Middle East export refiners are in talks with downstream integrated players or specialized retailers in Asia to secure market outlets in the context of future changes in supply and demand.

We are also seeing attempts to better lock in value from deeper integration with petrochemicals, lubricants, or other specialties, which are directing the discussion to the next level.

So, Tufton Oceanic and Apicorp reiterate that they have analysed the trend long and hard before the launch of the shipping fund and their confidence in the fund does not only stem from current market trend but also from the fact that the five tankers purchased for the fund have long-terms contracts that will be in place until the closure of the fund.

“All five ships have been fully employed till the fund ends. The ships have been contracted for the entire term of the fund, which is five years . It is a key element to this fund. This helps in maximising returns to the investor and reducing the risks associated with the fund,” said Ahmad Bin Hamad Al-Nuaimi, Apicorp’s CEO.

Al-Nuaimi also says that Apicorp was convinced of the shipping fund as an investment vehicle largely because of Tufton Oceanic’s long history of investment in the shipping industry and the current trend of increased downstream activity in the region.

“All the five tankers purchased for the fund are employed either in pooling arrangements (collective pools of various owners) or alternatively on medium-term charter to credit worthy shipping companies. So, they will trade internationally and will trade on established routes through the Middle East, Asia trades or possibly the trans-Atlantic trades,” he added.

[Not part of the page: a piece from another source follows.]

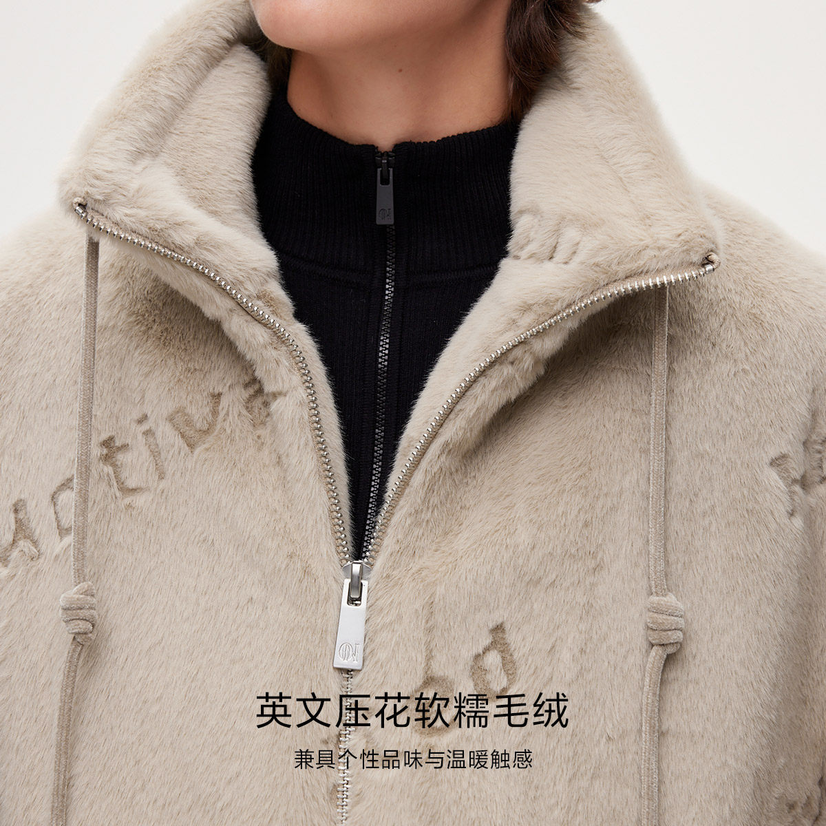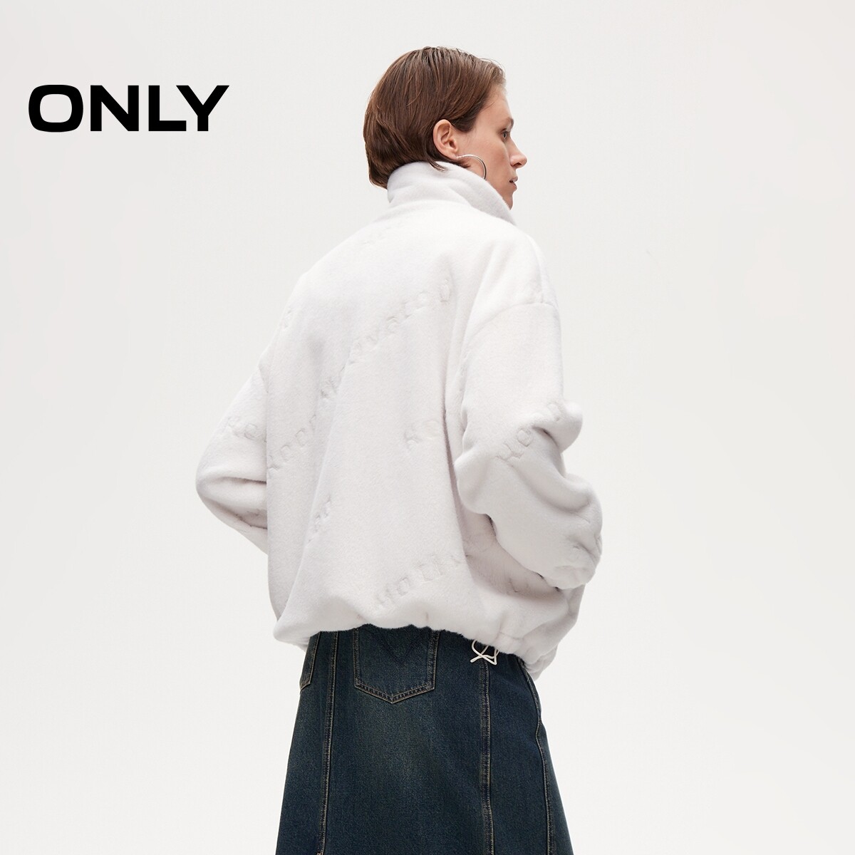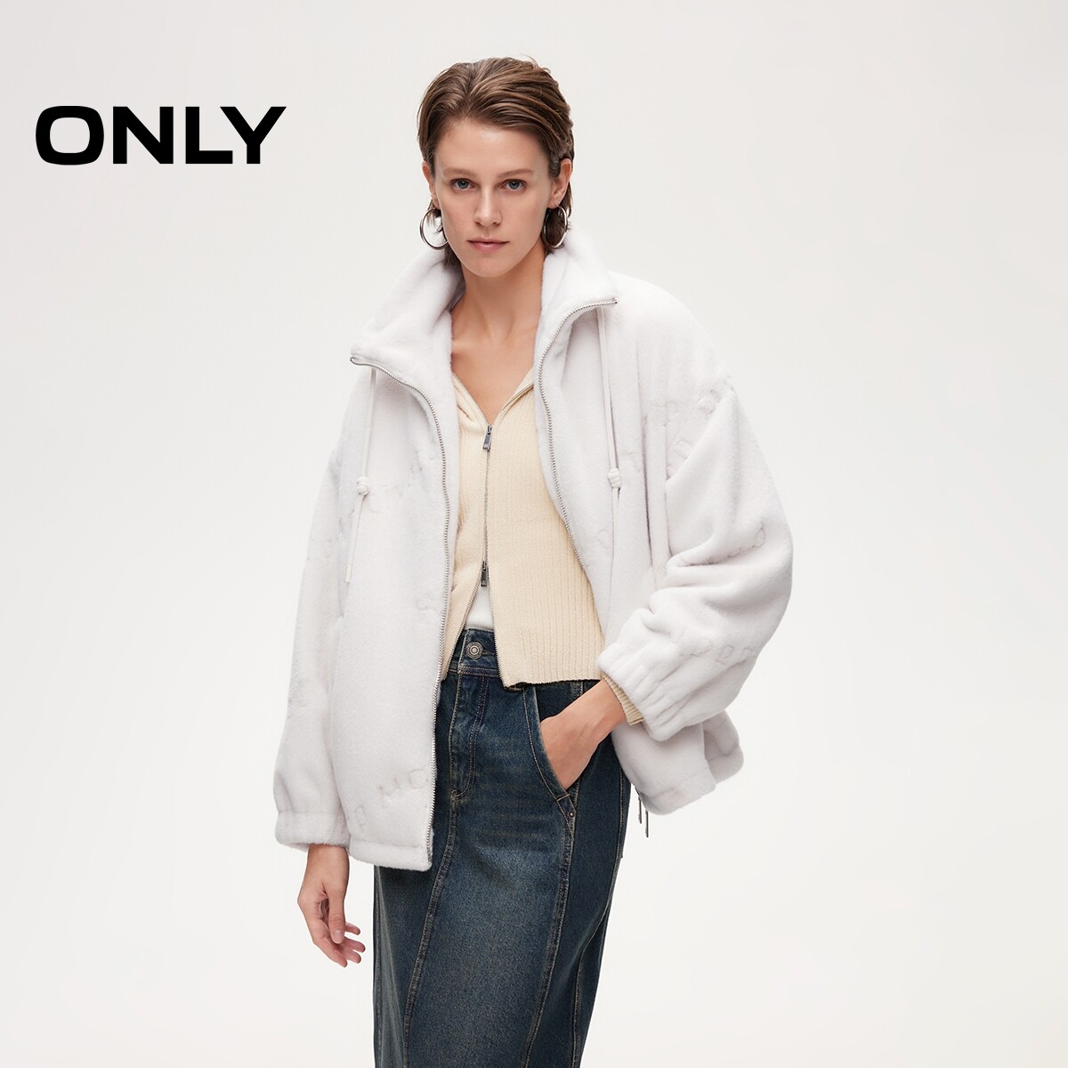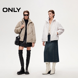 ONLY可调弹力抽绳宽松毛绒英文压花可调节下摆棉服女

Machin is positive about the fund’s outlook given the international shipping scenario today.
He says that while Norway has provided the most developed market for capital raising for shipping in recent years, and while; United States - based investment institutions have invested in the market, shipowners are still faced with considerable difficulties when seeking to raise funds. So, in those circumstances, for the shipping market accessing source of capital from the Middle East is a major step, he reckons.

“There have been a lot of attempts to launch a fund over the years, but not many have been successful. The preparedness of Apicorp to look at this sector of investment - is a significant development for the shipping market,” Machin concludes.